**Data for processing**.
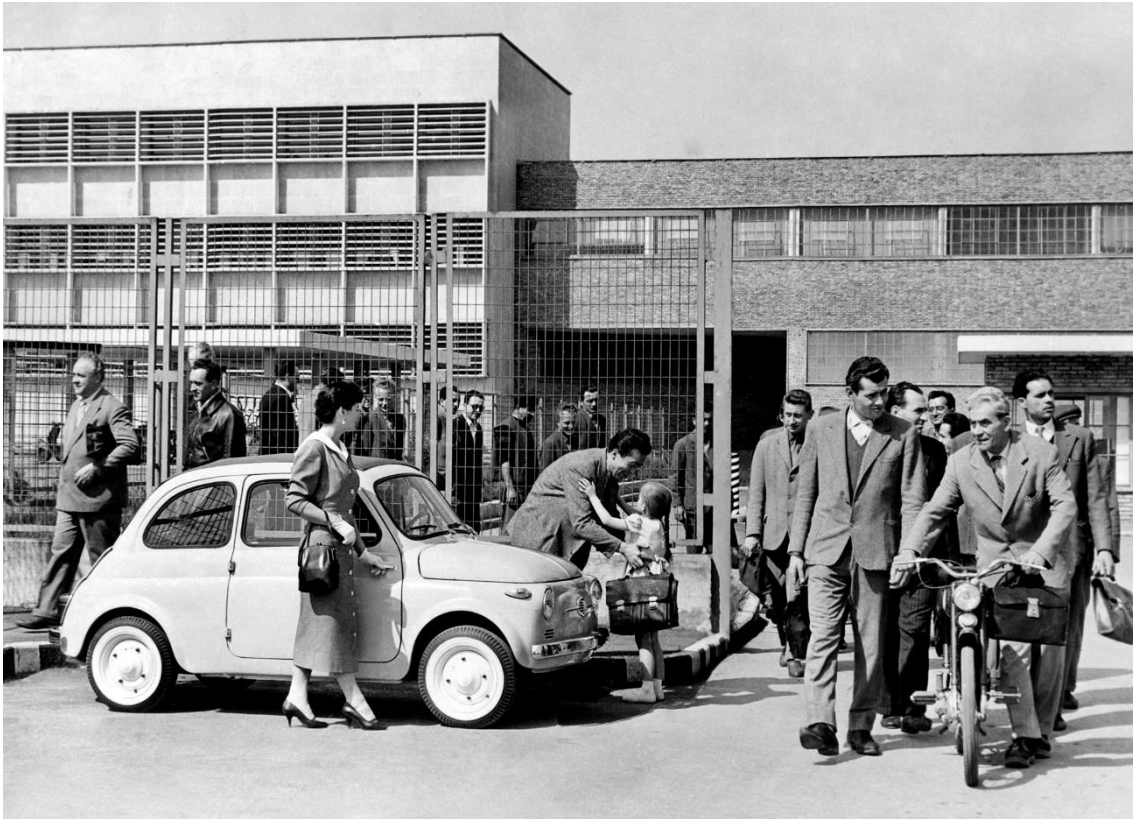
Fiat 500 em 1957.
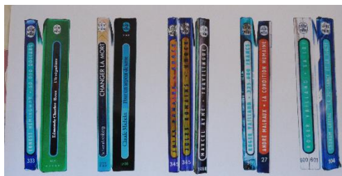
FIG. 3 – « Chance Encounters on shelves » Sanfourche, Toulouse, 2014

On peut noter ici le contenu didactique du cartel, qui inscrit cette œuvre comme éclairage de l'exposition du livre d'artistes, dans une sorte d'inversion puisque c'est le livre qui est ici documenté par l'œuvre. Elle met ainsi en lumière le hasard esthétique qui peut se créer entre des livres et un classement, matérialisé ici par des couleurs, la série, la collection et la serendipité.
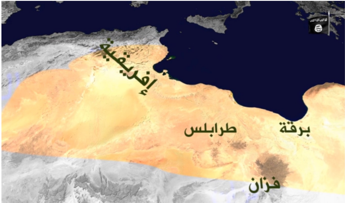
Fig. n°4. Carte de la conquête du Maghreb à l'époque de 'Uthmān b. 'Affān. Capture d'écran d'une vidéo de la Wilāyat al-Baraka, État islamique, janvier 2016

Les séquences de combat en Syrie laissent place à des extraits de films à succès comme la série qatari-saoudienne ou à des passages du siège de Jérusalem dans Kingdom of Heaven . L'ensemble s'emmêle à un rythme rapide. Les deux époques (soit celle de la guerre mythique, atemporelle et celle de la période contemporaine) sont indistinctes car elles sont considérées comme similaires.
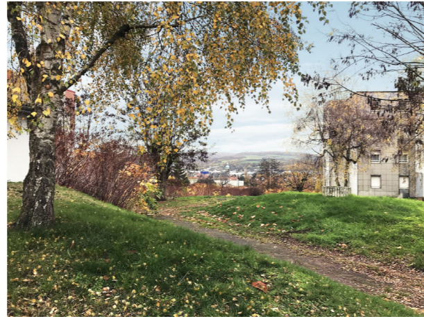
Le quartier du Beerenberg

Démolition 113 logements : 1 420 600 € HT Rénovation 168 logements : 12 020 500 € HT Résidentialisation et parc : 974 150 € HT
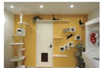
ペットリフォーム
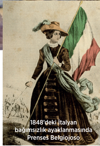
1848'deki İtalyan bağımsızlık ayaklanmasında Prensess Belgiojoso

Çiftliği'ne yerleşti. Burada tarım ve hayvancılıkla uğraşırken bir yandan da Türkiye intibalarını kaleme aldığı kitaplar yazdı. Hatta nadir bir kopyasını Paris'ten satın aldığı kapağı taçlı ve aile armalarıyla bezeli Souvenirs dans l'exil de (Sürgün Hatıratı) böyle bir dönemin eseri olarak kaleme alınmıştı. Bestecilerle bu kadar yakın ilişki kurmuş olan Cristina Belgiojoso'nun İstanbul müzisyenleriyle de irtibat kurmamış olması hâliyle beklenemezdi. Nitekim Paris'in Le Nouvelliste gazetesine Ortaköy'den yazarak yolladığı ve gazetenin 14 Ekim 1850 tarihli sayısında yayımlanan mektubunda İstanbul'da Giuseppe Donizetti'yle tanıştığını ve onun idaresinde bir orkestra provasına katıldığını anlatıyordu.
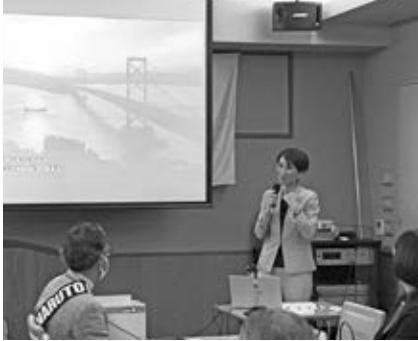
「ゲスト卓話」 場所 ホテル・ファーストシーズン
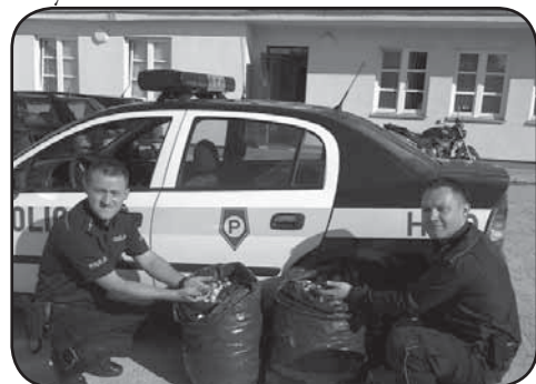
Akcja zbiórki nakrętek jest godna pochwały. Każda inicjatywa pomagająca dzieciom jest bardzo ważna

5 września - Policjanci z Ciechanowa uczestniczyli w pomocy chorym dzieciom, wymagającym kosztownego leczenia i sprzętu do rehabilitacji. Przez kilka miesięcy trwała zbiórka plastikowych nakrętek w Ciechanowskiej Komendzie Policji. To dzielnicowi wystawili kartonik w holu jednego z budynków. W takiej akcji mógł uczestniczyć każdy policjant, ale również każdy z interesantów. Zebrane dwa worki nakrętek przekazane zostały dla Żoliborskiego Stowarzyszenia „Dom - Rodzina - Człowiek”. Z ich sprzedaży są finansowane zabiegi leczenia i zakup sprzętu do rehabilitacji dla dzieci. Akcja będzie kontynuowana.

**Work request**. What you give back should be the full material above, retyped exactly, with every image removed.

**Reply to the task**.
Fiat 500 em 1957.
FIG. 3 – « Chance Encounters on shelves » Sanfourche, Toulouse, 2014

On peut noter ici le contenu didactique du cartel, qui inscrit cette œuvre comme éclairage de l'exposition du livre d'artistes, dans une sorte d'inversion puisque c'est le livre qui est ici documenté par l'œuvre. Elle met ainsi en lumière le hasard esthétique qui peut se créer entre des livres et un classement, matérialisé ici par des couleurs, la série, la collection et la serendipité.
Fig. n°4. Carte de la conquête du Maghreb à l'époque de 'Uthmān b. 'Affān. Capture d'écran d'une vidéo de la Wilāyat al-Baraka, État islamique, janvier 2016

Les séquences de combat en Syrie laissent place à des extraits de films à succès comme la série qatari-saoudienne ou à des passages du siège de Jérusalem dans Kingdom of Heaven . L'ensemble s'emmêle à un rythme rapide. Les deux époques (soit celle de la guerre mythique, atemporelle et celle de la période contemporaine) sont indistinctes car elles sont considérées comme similaires.
Le quartier du Beerenberg

Démolition 113 logements : 1 420 600 € HT Rénovation 168 logements : 12 020 500 € HT Résidentialisation et parc : 974 150 € HT
ペットリフォーム
1848'deki İtalyan bağımsızlık ayaklanmasında Prensess Belgiojoso

Çiftliği'ne yerleşti. Burada tarım ve hayvancılıkla uğraşırken bir yandan da Türkiye intibalarını kaleme aldığı kitaplar yazdı. Hatta nadir bir kopyasını Paris'ten satın aldığı kapağı taçlı ve aile armalarıyla bezeli Souvenirs dans l'exil de (Sürgün Hatıratı) böyle bir dönemin eseri olarak kaleme alınmıştı. Bestecilerle bu kadar yakın ilişki kurmuş olan Cristina Belgiojoso'nun İstanbul müzisyenleriyle de irtibat kurmamış olması hâliyle beklenemezdi. Nitekim Paris'in Le Nouvelliste gazetesine Ortaköy'den yazarak yolladığı ve gazetenin 14 Ekim 1850 tarihli sayısında yayımlanan mektubunda İstanbul'da Giuseppe Donizetti'yle tanıştığını ve onun idaresinde bir orkestra provasına katıldığını anlatıyordu.
「ゲスト卓話」 場所 ホテル・ファーストシーズン
Akcja zbiórki nakrętek jest godna pochwały. Każda inicjatywa pomagająca dzieciom jest bardzo ważna

5 września - Policjanci z Ciechanowa uczestniczyli w pomocy chorym dzieciom, wymagającym kosztownego leczenia i sprzętu do rehabilitacji. Przez kilka miesięcy trwała zbiórka plastikowych nakrętek w Ciechanowskiej Komendzie Policji. To dzielnicowi wystawili kartonik w holu jednego z budynków. W takiej akcji mógł uczestniczyć każdy policjant, ale również każdy z interesantów. Zebrane dwa worki nakrętek przekazane zostały dla Żoliborskiego Stowarzyszenia „Dom - Rodzina - Człowiek”. Z ich sprzedaży są finansowane zabiegi leczenia i zakup sprzętu do rehabilitacji dla dzieci. Akcja będzie kontynuowana.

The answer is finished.